--- ASSIGNMENT ---
Nothing should be omitted: restate the full listing word for word.

--- SUPPLIED DATA ---
================================

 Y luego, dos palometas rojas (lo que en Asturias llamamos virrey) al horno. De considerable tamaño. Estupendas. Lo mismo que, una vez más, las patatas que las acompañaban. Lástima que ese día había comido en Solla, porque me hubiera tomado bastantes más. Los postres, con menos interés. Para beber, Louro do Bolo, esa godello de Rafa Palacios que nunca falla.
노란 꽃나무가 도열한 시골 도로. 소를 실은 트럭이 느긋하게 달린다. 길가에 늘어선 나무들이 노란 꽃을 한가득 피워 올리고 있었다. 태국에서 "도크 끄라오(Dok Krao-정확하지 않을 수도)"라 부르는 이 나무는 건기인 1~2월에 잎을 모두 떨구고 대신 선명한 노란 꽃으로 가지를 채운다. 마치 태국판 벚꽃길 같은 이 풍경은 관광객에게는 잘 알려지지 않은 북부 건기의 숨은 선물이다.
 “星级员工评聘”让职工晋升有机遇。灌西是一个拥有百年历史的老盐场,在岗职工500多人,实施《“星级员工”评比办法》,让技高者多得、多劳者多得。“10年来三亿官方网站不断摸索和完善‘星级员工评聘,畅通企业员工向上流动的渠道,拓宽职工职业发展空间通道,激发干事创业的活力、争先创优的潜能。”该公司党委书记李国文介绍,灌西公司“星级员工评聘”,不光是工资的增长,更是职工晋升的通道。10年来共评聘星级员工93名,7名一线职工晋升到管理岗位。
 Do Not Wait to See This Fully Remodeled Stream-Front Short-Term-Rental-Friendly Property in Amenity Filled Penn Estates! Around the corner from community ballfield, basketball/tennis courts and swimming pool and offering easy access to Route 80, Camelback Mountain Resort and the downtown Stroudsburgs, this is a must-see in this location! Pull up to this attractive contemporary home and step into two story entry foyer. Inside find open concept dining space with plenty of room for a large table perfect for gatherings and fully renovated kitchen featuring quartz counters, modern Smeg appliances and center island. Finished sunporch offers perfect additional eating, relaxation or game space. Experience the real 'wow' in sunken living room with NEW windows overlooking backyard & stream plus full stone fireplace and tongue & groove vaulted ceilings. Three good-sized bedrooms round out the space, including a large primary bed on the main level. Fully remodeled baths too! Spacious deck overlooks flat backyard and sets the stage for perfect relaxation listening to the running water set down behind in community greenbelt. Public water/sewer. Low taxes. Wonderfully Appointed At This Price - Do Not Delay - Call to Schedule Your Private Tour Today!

================================

--- ANSWER AREA ---
 Y luego, dos palometas rojas (lo que en Asturias llamamos virrey) al horno. De considerable tamaño. Estupendas. Lo mismo que, una vez más, las patatas que las acompañaban. Lástima que ese día había comido en Solla, porque me hubiera tomado bastantes más. Los postres, con menos interés. Para beber, Louro do Bolo, esa godello de Rafa Palacios que nunca falla.
노란 꽃나무가 도열한 시골 도로. 소를 실은 트럭이 느긋하게 달린다. 길가에 늘어선 나무들이 노란 꽃을 한가득 피워 올리고 있었다. 태국에서 "도크 끄라오(Dok Krao-정확하지 않을 수도)"라 부르는 이 나무는 건기인 1~2월에 잎을 모두 떨구고 대신 선명한 노란 꽃으로 가지를 채운다. 마치 태국판 벚꽃길 같은 이 풍경은 관광객에게는 잘 알려지지 않은 북부 건기의 숨은 선물이다.
 “星级员工评聘”让职工晋升有机遇。灌西是一个拥有百年历史的老盐场,在岗职工500多人,实施《“星级员工”评比办法》,让技高者多得、多劳者多得。“10年来三亿官方网站不断摸索和完善‘星级员工评聘,畅通企业员工向上流动的渠道,拓宽职工职业发展空间通道,激发干事创业的活力、争先创优的潜能。”该公司党委书记李国文介绍,灌西公司“星级员工评聘”,不光是工资的增长,更是职工晋升的通道。10年来共评聘星级员工93名,7名一线职工晋升到管理岗位。
 Do Not Wait to See This Fully Remodeled Stream-Front Short-Term-Rental-Friendly Property in Amenity Filled Penn Estates! Around the corner from community ballfield, basketball/tennis courts and swimming pool and offering easy access to Route 80, Camelback Mountain Resort and the downtown Stroudsburgs, this is a must-see in this location! Pull up to this attractive contemporary home and step into two story entry foyer. Inside find open concept dining space with plenty of room for a large table perfect for gatherings and fully renovated kitchen featuring quartz counters, modern Smeg appliances and center island. Finished sunporch offers perfect additional eating, relaxation or game space. Experience the real 'wow' in sunken living room with NEW windows overlooking backyard & stream plus full stone fireplace and tongue & groove vaulted ceilings. Three good-sized bedrooms round out the space, including a large primary bed on the main level. Fully remodeled baths too! Spacious deck overlooks flat backyard and sets the stage for perfect relaxation listening to the running water set down behind in community greenbelt. Public water/sewer. Low taxes. Wonderfully Appointed At This Price - Do Not Delay - Call to Schedule Your Private Tour Today!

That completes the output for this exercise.